Lola Montez and Henry Seekamp, depicted in Melbourne Punch in 1856. Courtesy of State Library of Victoria |
Moral reaction came quickly. In Melbourne, Dr John Milton, head of the City Court Mission, appointed himself as Montez’s arch-enemy.
After her first performance of the Spider Dance, he demanded a warrant be issued for her arrest, to prevent any repetition of the affront.
He was unsuccessful, perhaps due to mayor and theatre-builder John Smith being in the chair as presiding magistrate. Worthy citizens of Geelong also tried to shut her act down, without success.
Things were easier for Montez in gold mining country.
“Bendigo and Ballarat were turning into settled towns, but their goldfields still held large migratory male populations,” says historian David Goodman. “Entertainment was very welcome, so touring companies and other entertainers quickly got onto a circuit through the area.” Ever the canny self-publicist, Lola visited Ballarat miners at their diggings, and shouted them at local bars.
Her time in Ballarat included a violent incident that was reported in newspapers around the world. After a disapproving letter to the Ballarat Times described Lola as possessing “notoriety of an unenviable kind”, she laid into the newspaper’s editor, Henry Seekamp, in the bar of the United States Hotel, with a whip she’d just won in a raffle (see cartoon above).
Seekamp had been a hero of the 1854 Eureka Stockade revolt through his support for the rebel cause, and was known for his energy and temper; so he was unlikely to take the attack lightly. He replied with his own whip, and the two had to be separated by bystanders.
With highlights like these, Victorian newspapers used up plenty of newsprint on Lola. As they do now, the media loved a controversial woman for her ability to increase sales, whether they were praising or damning her. They were also happy to exaggerate existing stories about Montez, repeat unlikely rumours, and make new ones up, in an ever-expanding game of Chinese Whispers.

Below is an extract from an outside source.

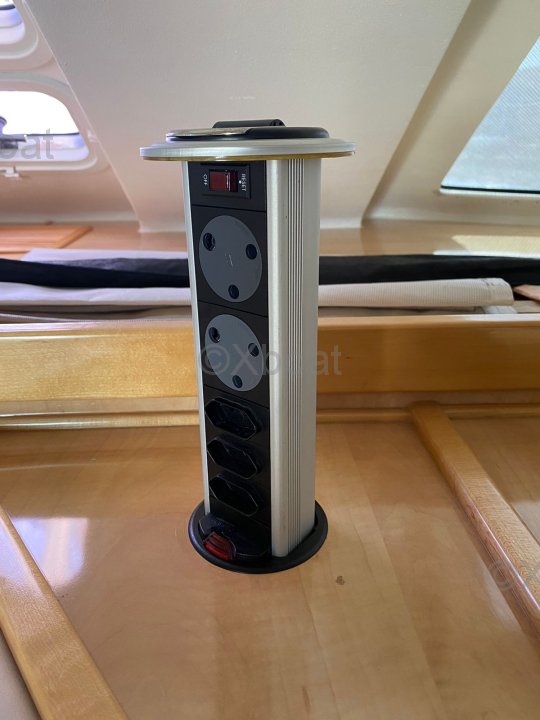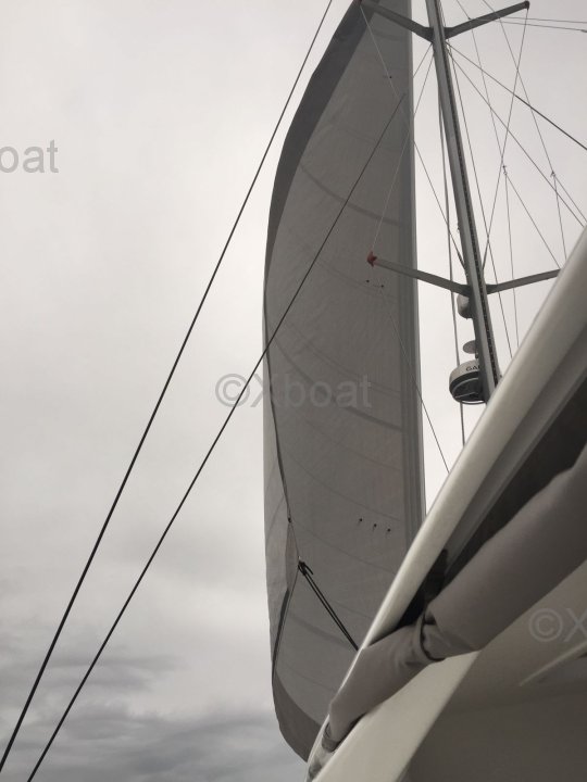 - Détails voiles : Grand-voile entièrement lattée sur système BattCar Lazy bag/Lazy jack Génois sur enrouleur électrique ProFurl Code Zero sur emmagasineur de voile souple Winchs primaires électriques pour une manipulation sans effort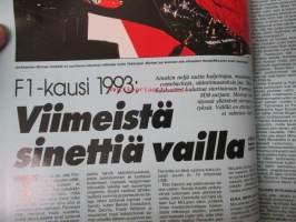 Vauhdin maailma 1993 nr 2 -mm. Formula 1 Asiaa, Ralli-MM monte Carlo, MP-93 Nayttely, Tuomo forsellin V-Max, Jari Suhosen SuperBike, Pontiac Firebird, T/A,

It was a situation that would suit her down to the ground. Lola thrived on controversy, often stoking the fires herself via letters to the editor, twisting facts to suit her public image.
She also gave the colony’s moral guardians a clear target, though they’d rarely seen the work they were complaining of, and the varied reactions of newspaper critics suggests the Spider Dance’s impropriety was very much in the eye of the beholder. But as we see today, outbreaks of moral panic have a lot to do with expressing the ego of the complainant, via the volume of his or her moral indignation.

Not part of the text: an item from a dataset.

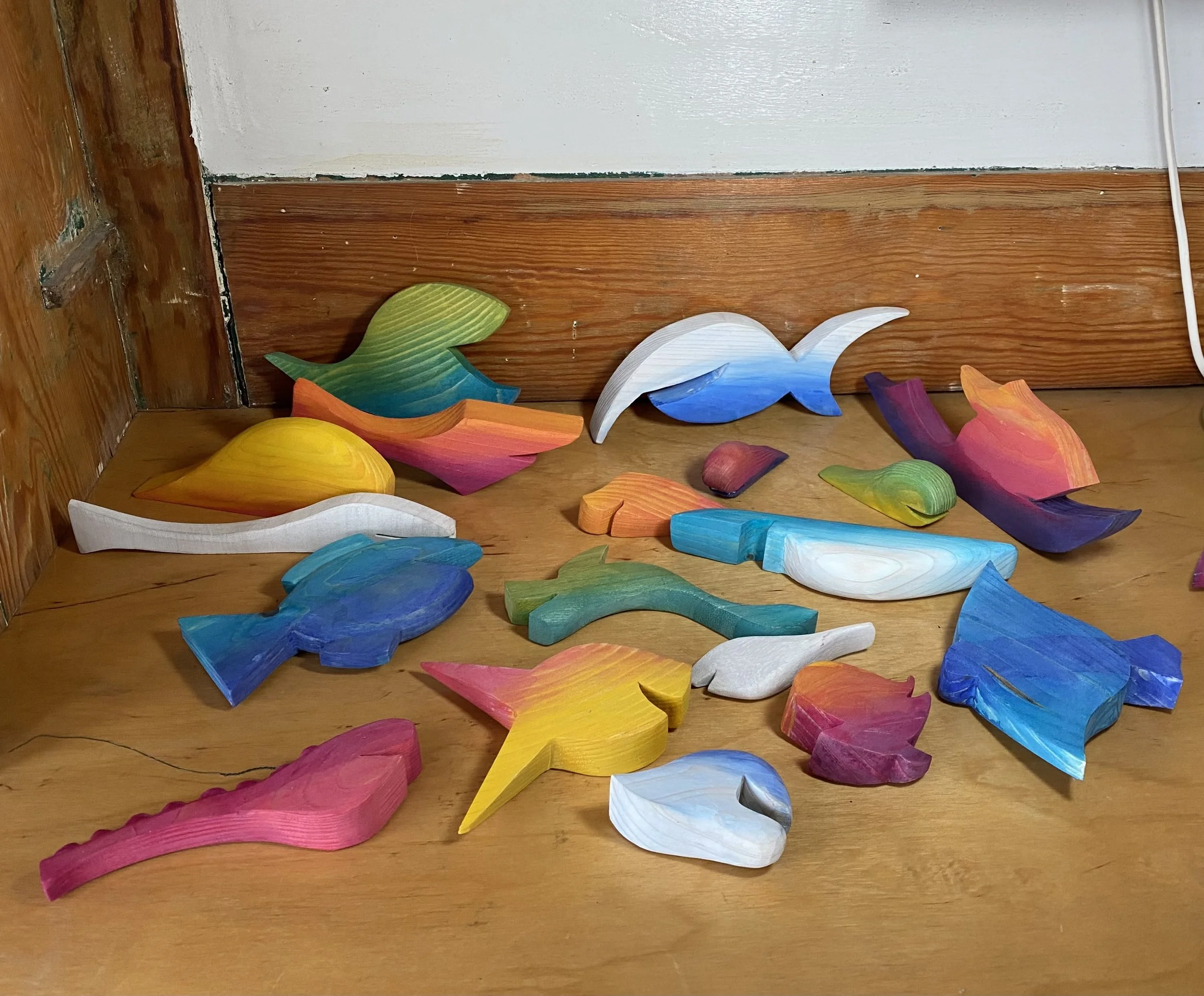 Die Fische werden aus Kiefervollholz ausgesägt, geformt und geschliffen.

Despite this sporadic resistance to her tour, accompanied by unsubstantiated rumours of intoxication and other unladylike behaviour, her audiences voted with their feet. They were happy to buy a ticket to be in close proximity to fame. They may also have sided with her dismissal of accepted authorities, not unlike the audiences who applauded Madonna’s critically panned West End stage debut in 2002.
Though Montez was only in the colony for a few months, she brought an air of international glamour to this remote part of the Western world. Did her success foreshadow the cultural cringe by which Australians sought validation from imported figures and culture?

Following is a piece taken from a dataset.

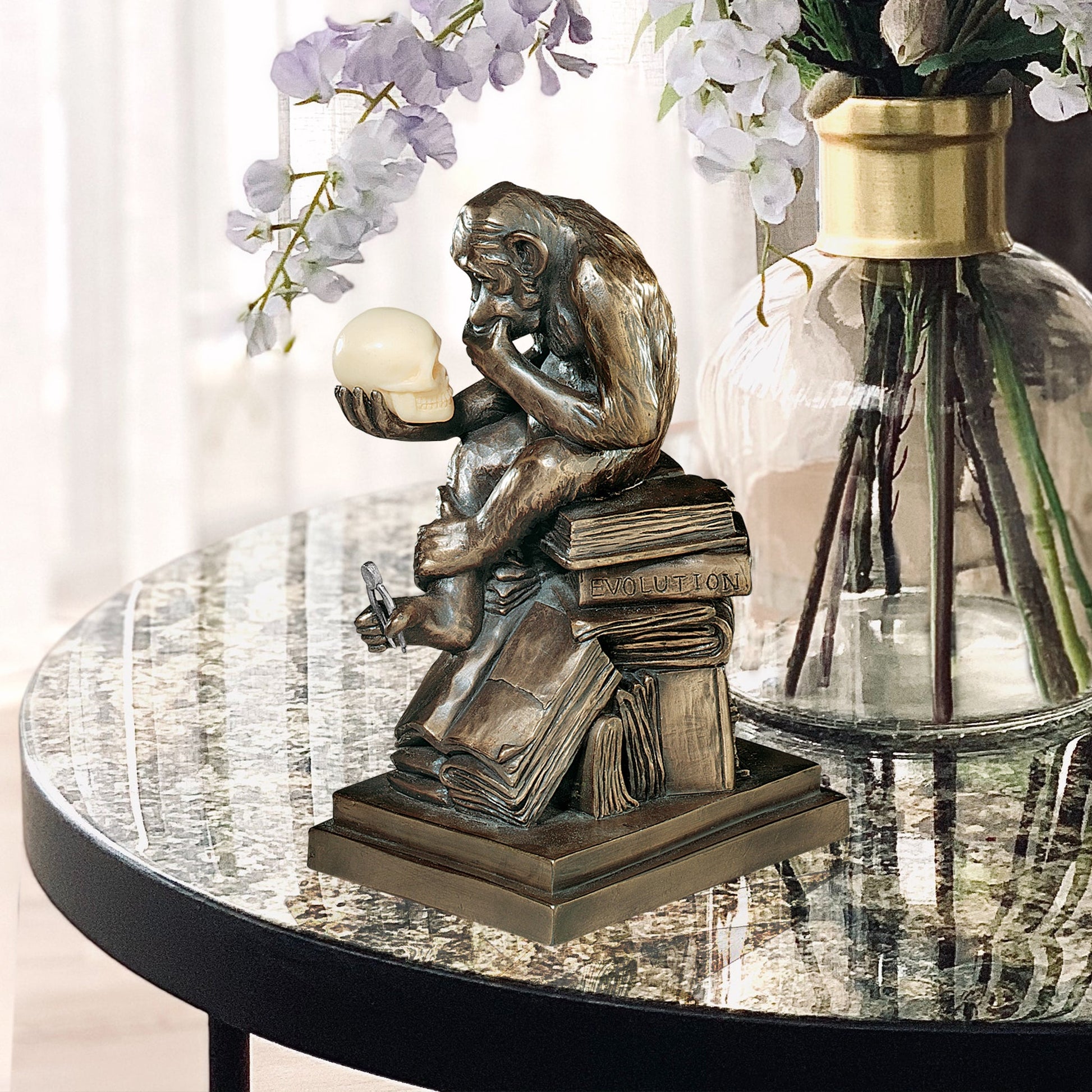 Hand-cast using real crushed stone bonded with high quality designer resin Bronze and Ivory finish Exclusive to the Design Toscano brand and perfect for your home or garden Perfect office or library decor *- Ramo's reflection on Rodin's "Thinker" and Darwin's theory of evolution ponders man's superior ability to ask "Where do we come from" Academics, historians, and Europhiles all appreciate this timeless work of art long popular in Europe. Our museum-quality replica is directly cast in faux bronze and ivory-finished designer resin. 5"Wx4"Dx8"H. 3 lbs. *- Hand-cast using real crushed stone bonded with high quality designer resin *- Bronze and Ivory finish *- Exclusive to the Design Toscano brand and perfect for your home or garden *- Perfect office or library decor *- Ramo's reflection on Rodin's "Thinker" and Darwin's theory of evolution ponders man's superior ability to ask "Where do we come from" Academics, historians, and Europhiles all appreciate this timeless work of art long popular in Europe. Our museum-quality replica is directly cast in faux bronze and ivory-finished designer resin. 5"Wx4"Dx8"H. 3 lbs.

No, says Goodman. “International entertainment was welcome, but ‘cultural cringe’ is anachronistic. Most of the population had only been here a couple of years, so they’re not thinking of themselves as Australian. Gold rush Melbourne is a very cosmopolitan society; more so than an English regional city like Bristol, for example.”
How significant was her visit to our developing colony? There’s no question that Lola Montez was one of the most colourful characters to visit Victoria, in the most colourful era of its history. But on the face of it, it’s hard to see her as anything more than a footnote.
Her outspoken commitment to liberal democracy was adopted for a New World audience, and her possibilities as a feminist icon are problematic. Though she was clearly a woman with a desire for an independent life, it was driven by her own demons rather than commitment to a cause.
Whatever her importance beyond the stage, Lola Montez is remembered. Even now, many Victorians recognise her name, some from history lessons at school. There’s even been a children’s book and a musical inspired by her tour. Why is she still so fascinating to the inhabitants of a post-modern era awash with celebrity scandals?
Maybe her memory lives on because, like Oscar Wilde, Lola Montez seems a contemporary figure trapped in an unforgiving earlier age. Or possibly, despite all our advances in equality between the sexes, we’re still fascinated by a woman who could break all rules of female propriety and get away with it.